Matching works by progressively stripping the rightmost subtag from each preference until a match is found:

```
en-US → en  (strip region)
zh-Hans-CN → zh-Hans → zh  (strip region, then script)
```

```{r match-basic}
# User prefers en-US; only 'en' is available — falls back to the base language
bcp_match_language("en-US", c("en", "fr", "de"))
```

```{r match-fallback}
# Multiple preferences: de-AT falls back through de, then en-GB falls back to en
bcp_match_language(c("de-AT", "en-GB"), c("en", "fr"))
```

```{r match-chinese}
# Prefer Traditional Chinese, fall back to Simplified, then English
bcp_match_language(
  c("zh-Hant-TW", "zh-Hans", "en"),
  c("zh-Hans", "en", "fr")
)
```

```{r match-default}
# No match — return a default value
bcp_match_language("pt-BR", c("fr", "de"), default = "en")
```

Matching is **case-insensitive**.
The original casing from `available` is preserved in the return value:

```{r match-case}
bcp_match_language("EN-US", c("en-US", "fr"))
```

## Validation

`bcp_validate()` checks whether the language, script, and region subtags in a tag appear in the IANA Language Subtag Registry.
It downloads and caches the registry on first use.
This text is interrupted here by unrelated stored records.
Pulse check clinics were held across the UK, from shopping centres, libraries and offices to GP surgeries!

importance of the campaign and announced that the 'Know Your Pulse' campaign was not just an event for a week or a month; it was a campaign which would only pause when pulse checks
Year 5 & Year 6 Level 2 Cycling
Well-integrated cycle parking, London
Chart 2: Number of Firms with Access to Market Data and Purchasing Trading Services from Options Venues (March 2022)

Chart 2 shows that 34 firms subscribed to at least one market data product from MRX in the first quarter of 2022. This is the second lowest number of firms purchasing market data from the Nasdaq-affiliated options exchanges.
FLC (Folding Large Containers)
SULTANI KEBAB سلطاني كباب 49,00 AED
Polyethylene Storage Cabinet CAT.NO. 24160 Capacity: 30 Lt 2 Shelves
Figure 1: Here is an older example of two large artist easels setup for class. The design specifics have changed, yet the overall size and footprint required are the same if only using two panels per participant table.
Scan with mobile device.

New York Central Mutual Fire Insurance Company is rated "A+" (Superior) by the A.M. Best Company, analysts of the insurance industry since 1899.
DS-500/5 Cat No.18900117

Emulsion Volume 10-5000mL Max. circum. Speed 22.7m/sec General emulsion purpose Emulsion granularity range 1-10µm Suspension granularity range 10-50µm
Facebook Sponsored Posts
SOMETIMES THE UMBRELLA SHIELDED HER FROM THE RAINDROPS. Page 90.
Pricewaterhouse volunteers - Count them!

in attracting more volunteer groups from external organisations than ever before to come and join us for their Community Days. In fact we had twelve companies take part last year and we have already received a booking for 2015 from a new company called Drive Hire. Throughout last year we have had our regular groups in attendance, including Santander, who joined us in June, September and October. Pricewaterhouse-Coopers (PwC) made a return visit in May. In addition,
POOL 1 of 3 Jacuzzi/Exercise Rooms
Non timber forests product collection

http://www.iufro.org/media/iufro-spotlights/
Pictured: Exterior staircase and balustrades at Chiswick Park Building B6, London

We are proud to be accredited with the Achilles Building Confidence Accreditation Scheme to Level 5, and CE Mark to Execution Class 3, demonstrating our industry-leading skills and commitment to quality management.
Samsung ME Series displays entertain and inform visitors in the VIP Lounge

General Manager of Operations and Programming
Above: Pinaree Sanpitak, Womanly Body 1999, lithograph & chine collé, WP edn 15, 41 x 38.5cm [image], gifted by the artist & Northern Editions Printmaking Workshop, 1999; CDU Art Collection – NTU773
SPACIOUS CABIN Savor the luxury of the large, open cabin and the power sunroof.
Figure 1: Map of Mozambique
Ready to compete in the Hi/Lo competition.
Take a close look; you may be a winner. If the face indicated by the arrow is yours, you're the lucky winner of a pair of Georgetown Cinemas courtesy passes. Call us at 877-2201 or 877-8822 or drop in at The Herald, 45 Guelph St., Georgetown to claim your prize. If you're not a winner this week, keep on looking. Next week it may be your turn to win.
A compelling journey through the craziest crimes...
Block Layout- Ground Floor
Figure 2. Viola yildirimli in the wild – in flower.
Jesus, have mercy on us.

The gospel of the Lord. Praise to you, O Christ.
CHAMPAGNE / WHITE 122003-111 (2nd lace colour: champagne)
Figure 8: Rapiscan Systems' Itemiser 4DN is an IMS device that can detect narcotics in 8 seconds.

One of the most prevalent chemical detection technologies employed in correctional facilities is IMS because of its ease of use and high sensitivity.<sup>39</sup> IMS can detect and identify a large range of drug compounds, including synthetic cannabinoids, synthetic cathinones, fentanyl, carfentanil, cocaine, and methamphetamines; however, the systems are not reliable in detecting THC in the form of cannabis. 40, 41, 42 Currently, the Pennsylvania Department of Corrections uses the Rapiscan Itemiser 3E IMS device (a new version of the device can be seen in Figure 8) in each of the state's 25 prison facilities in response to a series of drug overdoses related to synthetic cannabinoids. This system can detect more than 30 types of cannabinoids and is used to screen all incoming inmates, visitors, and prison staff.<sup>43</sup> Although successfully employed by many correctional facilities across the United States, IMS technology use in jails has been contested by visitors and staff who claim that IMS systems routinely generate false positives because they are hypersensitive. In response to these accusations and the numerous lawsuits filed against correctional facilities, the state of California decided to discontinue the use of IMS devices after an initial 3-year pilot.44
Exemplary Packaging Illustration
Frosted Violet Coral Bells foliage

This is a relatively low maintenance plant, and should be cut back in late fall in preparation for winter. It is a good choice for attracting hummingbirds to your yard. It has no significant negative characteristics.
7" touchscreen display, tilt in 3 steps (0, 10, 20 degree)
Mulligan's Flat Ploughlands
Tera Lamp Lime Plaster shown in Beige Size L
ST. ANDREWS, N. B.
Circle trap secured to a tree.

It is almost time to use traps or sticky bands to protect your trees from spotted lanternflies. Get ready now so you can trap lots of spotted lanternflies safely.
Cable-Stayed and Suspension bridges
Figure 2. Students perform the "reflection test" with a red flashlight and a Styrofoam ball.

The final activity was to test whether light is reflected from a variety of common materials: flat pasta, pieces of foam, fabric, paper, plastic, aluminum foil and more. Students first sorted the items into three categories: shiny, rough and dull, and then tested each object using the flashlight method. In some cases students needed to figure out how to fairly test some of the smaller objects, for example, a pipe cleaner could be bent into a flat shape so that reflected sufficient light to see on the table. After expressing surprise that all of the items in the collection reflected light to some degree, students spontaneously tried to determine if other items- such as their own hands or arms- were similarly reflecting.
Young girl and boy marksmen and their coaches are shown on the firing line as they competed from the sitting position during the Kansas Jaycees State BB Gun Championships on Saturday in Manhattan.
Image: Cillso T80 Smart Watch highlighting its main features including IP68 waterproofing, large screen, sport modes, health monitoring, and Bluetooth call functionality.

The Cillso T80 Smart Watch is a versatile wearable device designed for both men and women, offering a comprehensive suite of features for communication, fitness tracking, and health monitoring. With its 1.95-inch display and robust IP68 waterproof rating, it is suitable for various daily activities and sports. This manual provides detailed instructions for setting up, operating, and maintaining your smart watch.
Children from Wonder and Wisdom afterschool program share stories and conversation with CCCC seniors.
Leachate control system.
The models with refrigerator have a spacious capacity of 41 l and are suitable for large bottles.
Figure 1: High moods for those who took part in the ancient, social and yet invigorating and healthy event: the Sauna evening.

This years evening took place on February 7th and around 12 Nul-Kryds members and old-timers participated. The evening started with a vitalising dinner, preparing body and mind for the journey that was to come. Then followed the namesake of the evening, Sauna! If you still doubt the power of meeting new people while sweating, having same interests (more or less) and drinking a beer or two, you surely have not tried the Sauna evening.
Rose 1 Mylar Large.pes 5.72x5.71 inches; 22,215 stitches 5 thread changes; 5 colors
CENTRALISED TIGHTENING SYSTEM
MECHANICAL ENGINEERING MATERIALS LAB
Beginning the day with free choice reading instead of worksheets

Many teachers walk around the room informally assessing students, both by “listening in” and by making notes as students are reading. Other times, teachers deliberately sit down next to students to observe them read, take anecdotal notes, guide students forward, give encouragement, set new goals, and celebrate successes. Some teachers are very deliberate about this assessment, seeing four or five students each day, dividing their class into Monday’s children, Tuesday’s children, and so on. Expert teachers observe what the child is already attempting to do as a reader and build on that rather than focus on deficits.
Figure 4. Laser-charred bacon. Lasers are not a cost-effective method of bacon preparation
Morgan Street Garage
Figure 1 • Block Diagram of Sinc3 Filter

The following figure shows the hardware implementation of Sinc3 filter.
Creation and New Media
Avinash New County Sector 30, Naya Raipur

```{r validate, eval=FALSE}
bcp_validate("en-US") # TRUE — both 'en' and 'US' are registered
bcp_validate("zh-Hans-CN") # TRUE
bcp_validate("xx-ZZ") # FALSE — 'xx' is not a registered language
bcp_validate("en-Xxxx") # FALSE — 'Xxxx' is not a registered script
```

Note that validation only checks structural registry membership.
It does not check whether a *combination* of subtags is meaningful (e.g., `en-Hans` would pass validation even though English is not normally written in the Han script).

## Normalization

`bcp_normalize()` applies the canonicalization rules from RFC 5646:

1. **Deprecated languages** are replaced with their preferred values (e.g., `iw` → `he` for Hebrew)
2. **Default scripts** are suppressed (e.g., `en-Latn-US` → `en-US`, since Latin is the default script for English)
3. **Canonical casing** is applied: language lower-case, script title-case, region upper-case

```{r normalize, eval=FALSE}
bcp_normalize("en-us") # "en-US"   (region uppercased)
bcp_normalize("ZH-HANS-CN") # "zh-Hans-CN"  (language lowercased, script title-cased)
bcp_normalize("en-Latn-US") # "en-US"   (Latn is the default/suppress script for 'en')
bcp_normalize("sr-latn") # "sr-Latn" (Latn is NOT the default for Serbian)
```

## The IANA Registry

Both `bcp_validate()` and `bcp_normalize()` rely on the IANA Language Subtag Registry.
You can access it directly with `bcp_process_registry()`, which returns a tidy tibble:

```{r registry, eval=FALSE}
reg <- bcp_process_registry()
nrow(reg)

# Registry metadata
attr(reg, "last_update")

# Browse languages
reg[reg$type == "language", c("subtag", "description", "suppress_script")]

# Find deprecated languages and their preferred replacements
deprecated <- reg[reg$type == "language" & !is.na(reg$preferred_value), ]
head(deprecated[, c("subtag", "description", "preferred_value")])
```

### Caching

To avoid downloading the registry on every call, use `bcp_cache_update()` to save it locally:

```{r cache, eval=FALSE}
# Download and cache the registry
bcp_cache_update()

# Inspect the cache
bcp_cache_path() # file path
bcp_cache_size() # size on disk

# Refresh to get the latest registry
bcp_cache_update(overwrite = TRUE)

# Remove the cache
bcp_cache_clear()
```

After caching, `bcp_validate()` and `bcp_normalize()` will load from the local file automatically.